When temperatures fall into the teens, the trucks often spray our road salt with calcium chloride to make the salt work more effectively at lower temperatures. The Department of Streets and Sanitation also frequently uses environmentally friendly deicers composed of salt water, sugar beet byproducts, and calcium chloride. When time and breaks in the weather permits, they will apply this pretreatment to our bridge decks and overpasses to slow down the formation of ice on driving surfaces.
During snowstorms, the Department of Streets and Sanitation also has the capacity to equip between 150 and 200 garbage trucks with “quick hitch” plows to supplement the fleet. Because these trucks don’t have the salt-spreading capability, they are run in tandem with trucks that do.
The City of Chicago does not plow alleys.
The Chicago Snow Corps is a program that connects volunteers with residents– such as seniors and residents with disabilities – in need of snow removal. To request a volunteer to shovel your sidewalk or block in case of extreme snowfall, call 311, submit an online Service Request or contact our office.
Winter Snow Parking Restrictions
In order to ensure that the most critical roadways in Chicago are kept open to full capacity at all times, the City of Chicago instituted and vigorously enforces a Winter Overnight Parking Ban on 107 miles of vital arterial streets from 3 am to 7 am between December 1st and April 1st, regardless of snow.

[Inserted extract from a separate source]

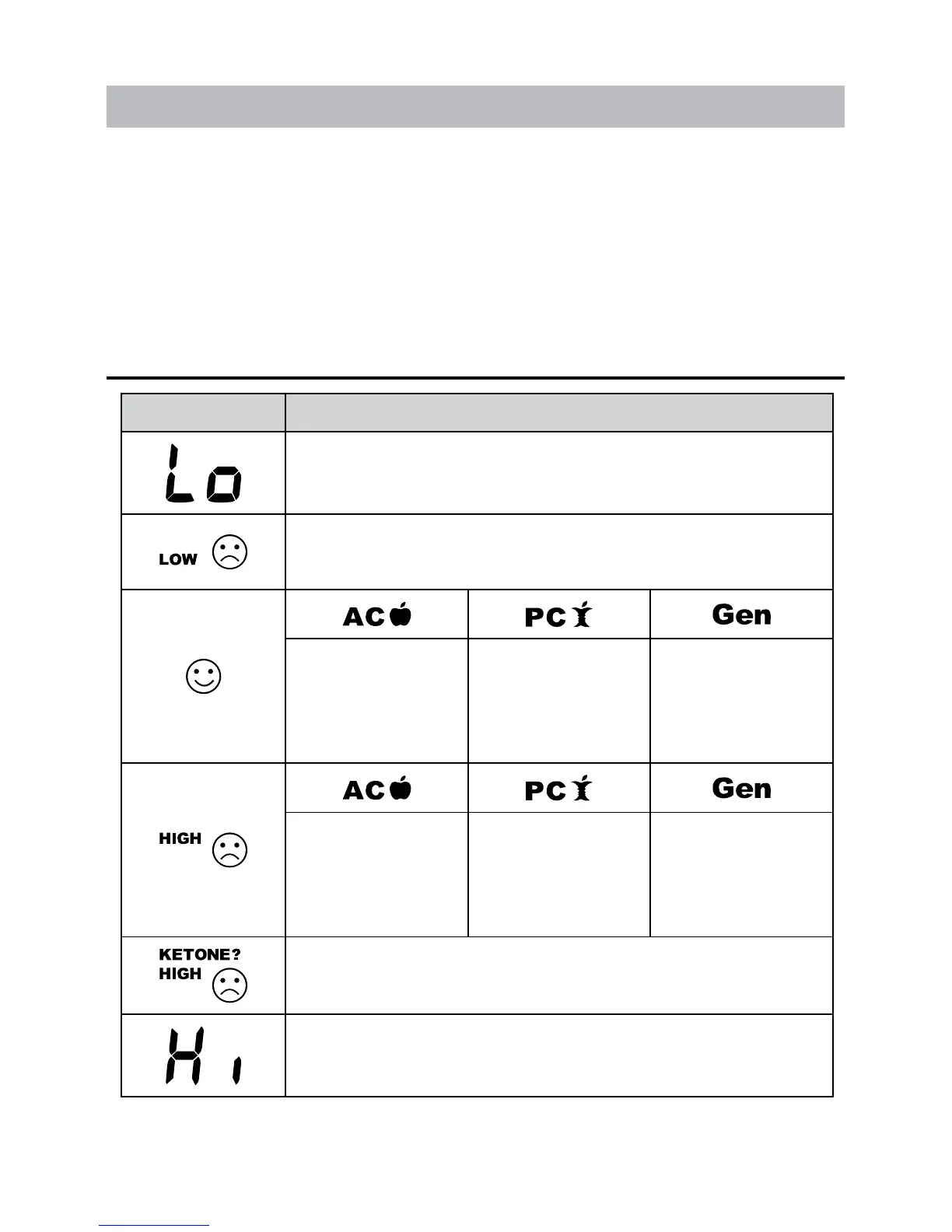 Blinks when glucose ≥ 240 mg/dL (13.3 mmol/L)

Motorists who ignore this permanently posted seasonal tow zone face a $150 towing fee (minimum) in addition to a $60 ticket and an initial $25 daily storage fee.

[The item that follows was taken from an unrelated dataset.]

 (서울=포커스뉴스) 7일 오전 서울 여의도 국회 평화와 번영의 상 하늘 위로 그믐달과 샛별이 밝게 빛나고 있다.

A separate snow-related parking ban exists for another 500 miles of main streets and can be activated after there are at least two inches of snow on the street, no matter the time of day or the calendar date. While the 2” inch snow ban is not activated often, motorists who are parked there when it snows could receive a ticket or find that their vehicle has been relocated in order to facilitate snow-clearing operations.